Our review of the literature indicates that radiotherapy and/or heat therapy can provide local control of recurrent or metastatic melanoma in a large proportion of patients. This has undoubted value in the local palliation of symptoms and, in the absence of disseminated disease, can be curative. At The Prince of Wales Hospital, Sydney, we have studied the response of melanoma lesions to heat and radiation therapy and have assessed the reaction in the adjacent normal skin. Thirty-two melanoma lesions that were measurable in 12 patients received radiotherapy and heat therapy in different combinations and dose schedules (15 lesions received radiotherapy alone, six lesions received heat therapy alone, and 11 lesions received combined radiation and heat therapy). The acute normal skin reaction was compared between lesions that received single modality radiation or heat therapy and those that received the combination of heat and radiation therapy. A moderate or severe reaction developed at six of the 21 sites that were treated by a single modality, and at four of the 11 sites that received combined heat and radiation therapy (P = 0.7), and all healed within a few days. Evaluation of the melanoma response to therapy was possible only in 26 of the 32 lesions that were treated because two patients died soon after therapy and the response of their six lesions was not evaluable. A complete response occurred in 14 (54%) of 26 lesions and a partial response occurred in 10 (38%) of 26 lesions. The objective response by treatment modality was 10 of 15 lesions for radiotherapy, six of six lesions for heat therapy and eight of 11 lesions for both therapies combined. We conclude that radiotherapy and heat therapy, separately or combined, produce acceptably-low damage to normal tissue and highly-satisfactory local control of melanoma.

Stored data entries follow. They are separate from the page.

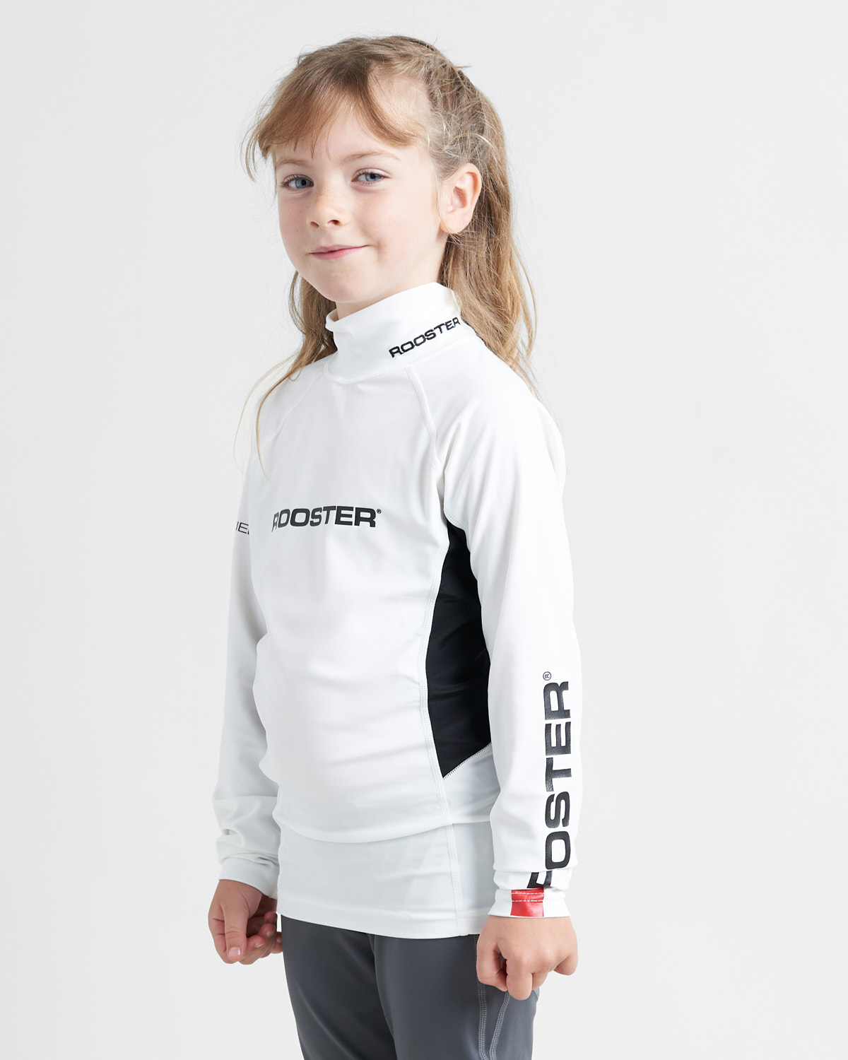 Camisola térmica branca com logo ROOSTER usada por criança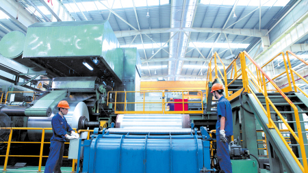 (晟通科技是我国唯一能够规模生产航天军工所需“低硅低铁”电解铝的企业。图为其生产车间。)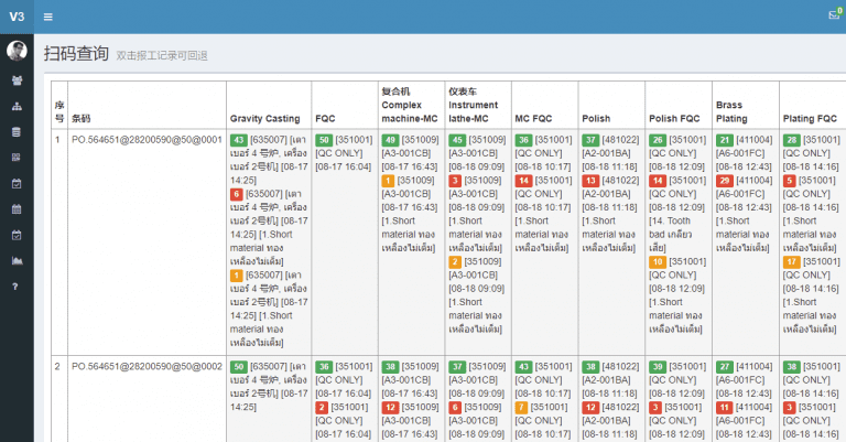 - 工序上的超時預警和顏色提示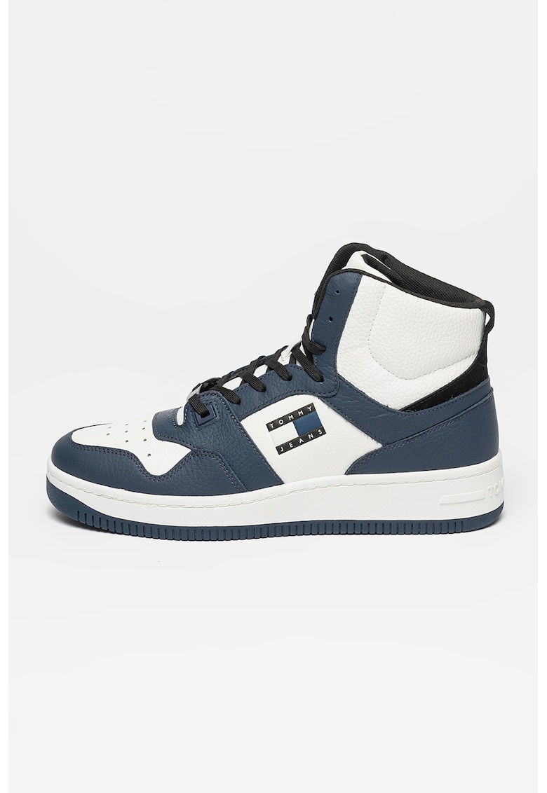 Pantofi sport mid-high de piele cu detalii contrastante - Alb/Bleumarin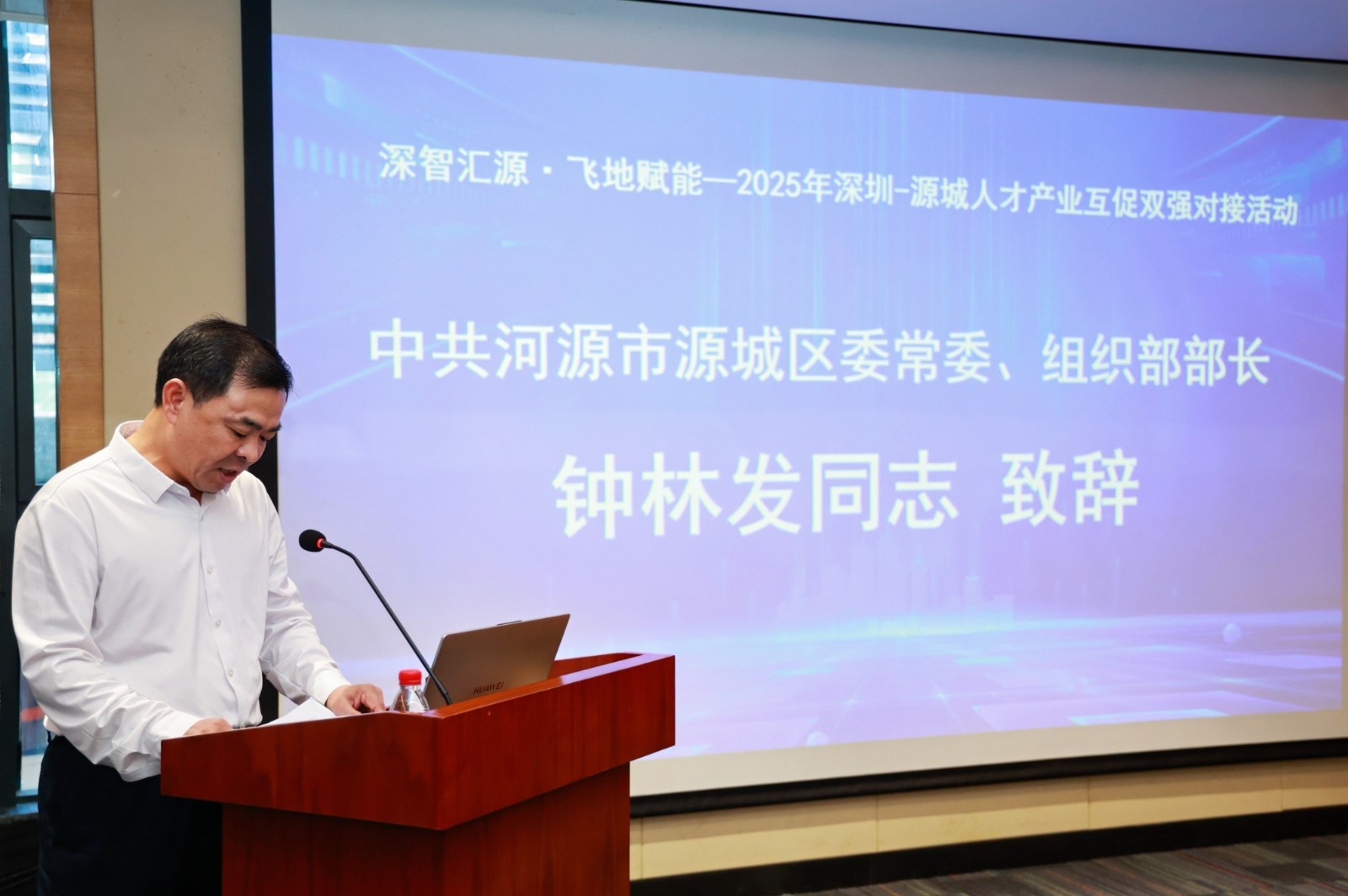 中共河源市源城区委常委、组织部部长钟林发随后致辞,深入阐述了源城区在电子信息、智能制造等重点产业方面的发展需求与合作愿景,强调了建设“人才双向飞地”对落实“百千万工程”、城乡区域协调发展、推动县域经济高质量发展的重要意义。
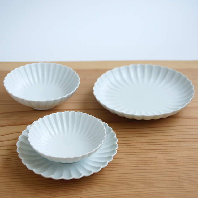 白マット 菊彫取鉢 (大)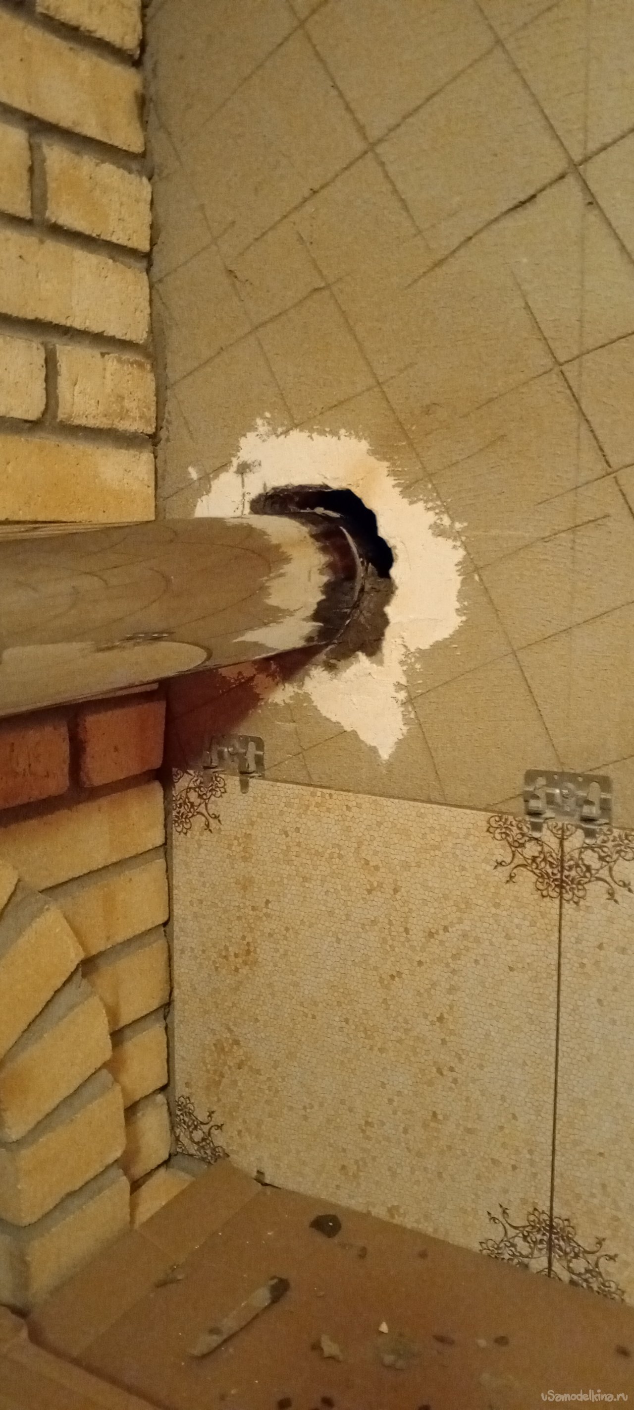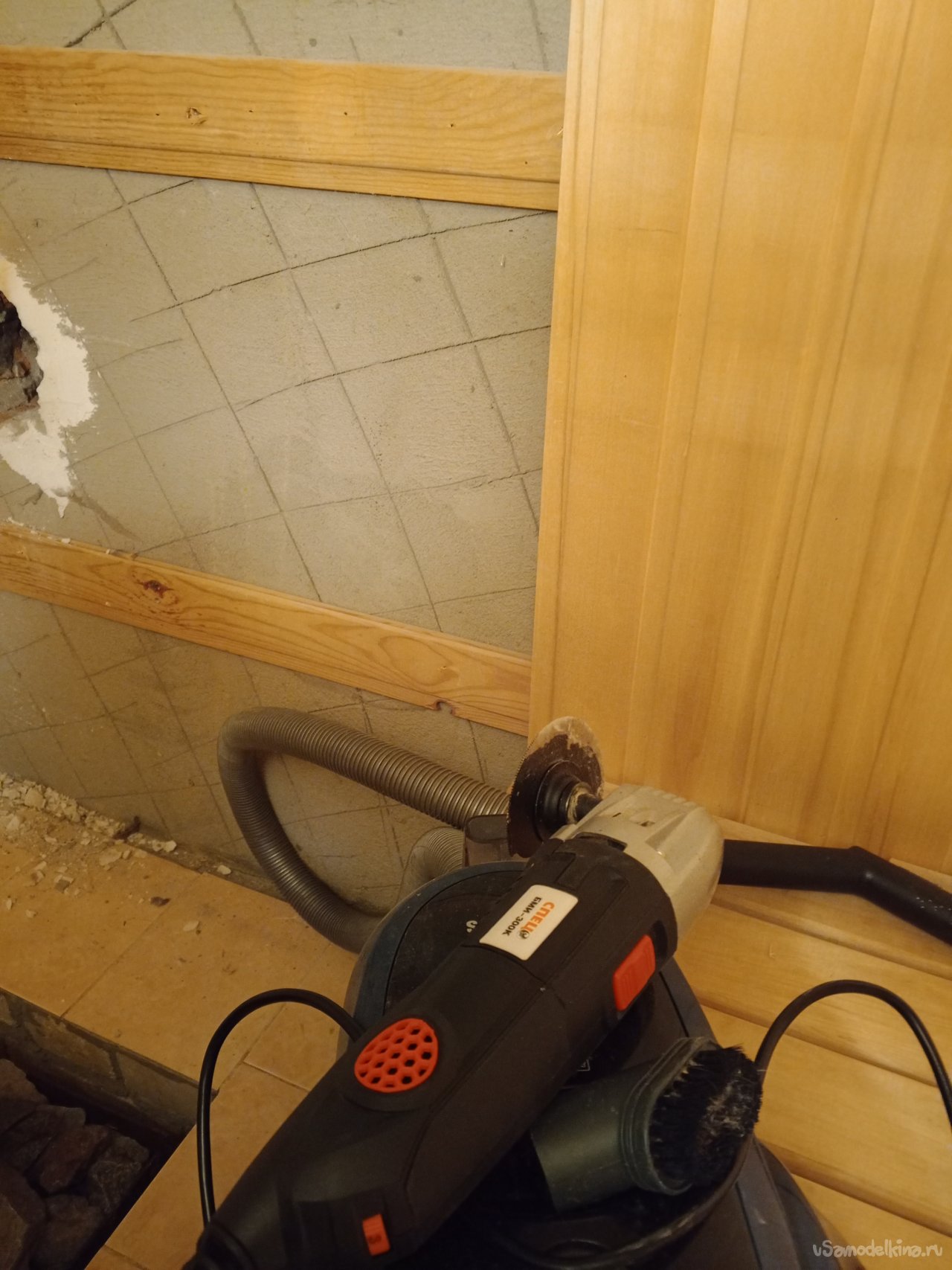 Снял часть вагонки с обрешетки стены, а также демонтировал газоход. При помощи МФУ, срезал по месту торчащие части обрешетки.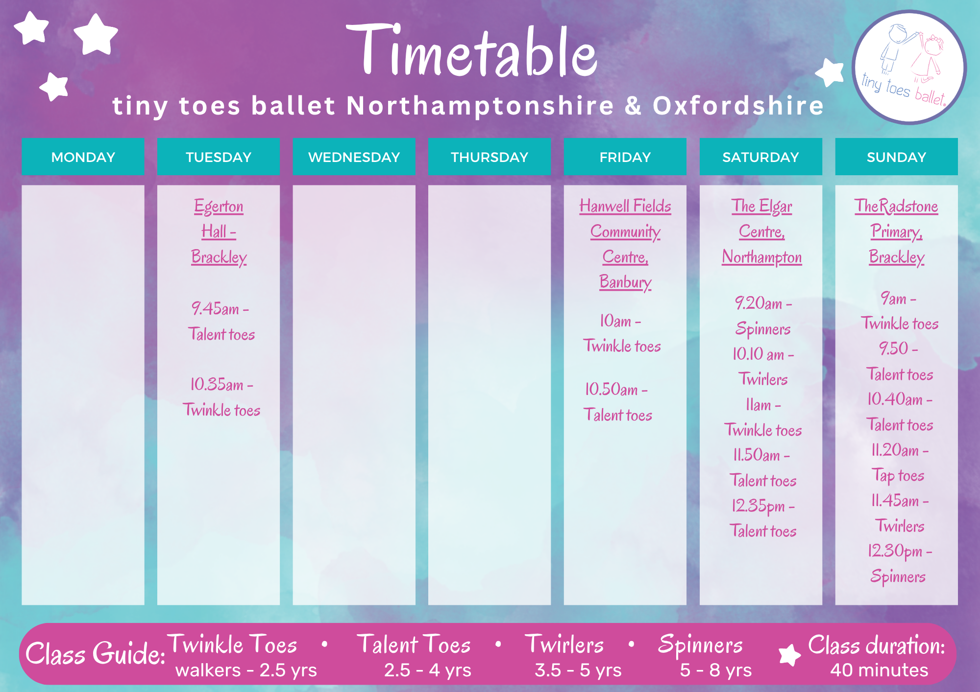 Tiny toes ballet Brackley & Northampton offers fun inclusive toddler & kids ballet classes that nurture confidence and promote development. Book a two week trial!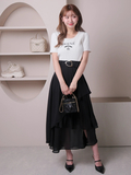 ・ロゴは胸元の高めの位置でバストが下がって見えない。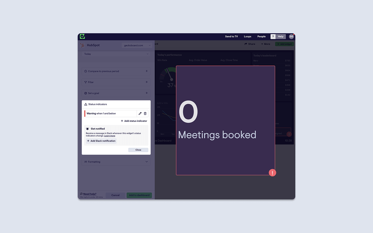 Using Geckoboard’s HubSpot integration, creating custom notifications for your HubSpot metrics takes just a few minutes.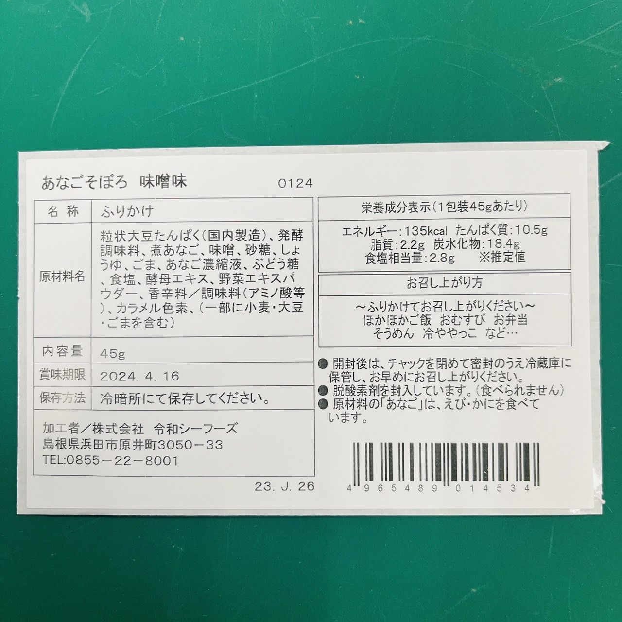 | 商品名(読み仮名) | あなごそぼろ 味噌味 |

我们对文献的回顾表明,放射治疗和/或热疗能够在很大比例的患者中实现对复发性或转移性黑色素瘤的局部控制。这在局部缓解症状方面具有无疑的价值,并且在没有播散性疾病的情况下可能治愈。在悉尼的威尔士亲王医院,我们研究了黑色素瘤病灶对热疗和放射治疗的反应,并评估了邻近正常皮肤的反应。12例患者中可测量的32个黑色素瘤病灶接受了不同组合和剂量方案的放射治疗和热疗(15个病灶仅接受放射治疗,6个病灶仅接受热疗,11个病灶接受了放射和热疗联合治疗)。比较了接受单一模式放射或热疗的病灶与接受热疗和放射治疗联合治疗的病灶之间的急性正常皮肤反应。在21个接受单一模式治疗的部位中有6个出现了中度或重度反应,在11个接受热疗和放射联合治疗的部位中有4个出现了中度或重度反应(P = 0.7),并且所有反应在几天内均愈合。在接受治疗的32个病灶中,仅26个病灶能够评估黑色素瘤对治疗的反应,因为有两名患者在治疗后不久死亡,其6个病灶的反应无法评估。26个病灶中有14个(54%)出现完全缓解,26个病灶中有10个(38%)出现部分缓解。按治疗方式的客观缓解情况为:放射治疗的15个病灶中有10个缓解,热疗的6个病灶中有6个缓解,两种治疗联合的11个病灶中有8个缓解。我们得出结论,放射治疗和热疗单独或联合使用,对正常组织造成的损伤低至可接受程度,并能对黑色素瘤实现高度令人满意的局部控制。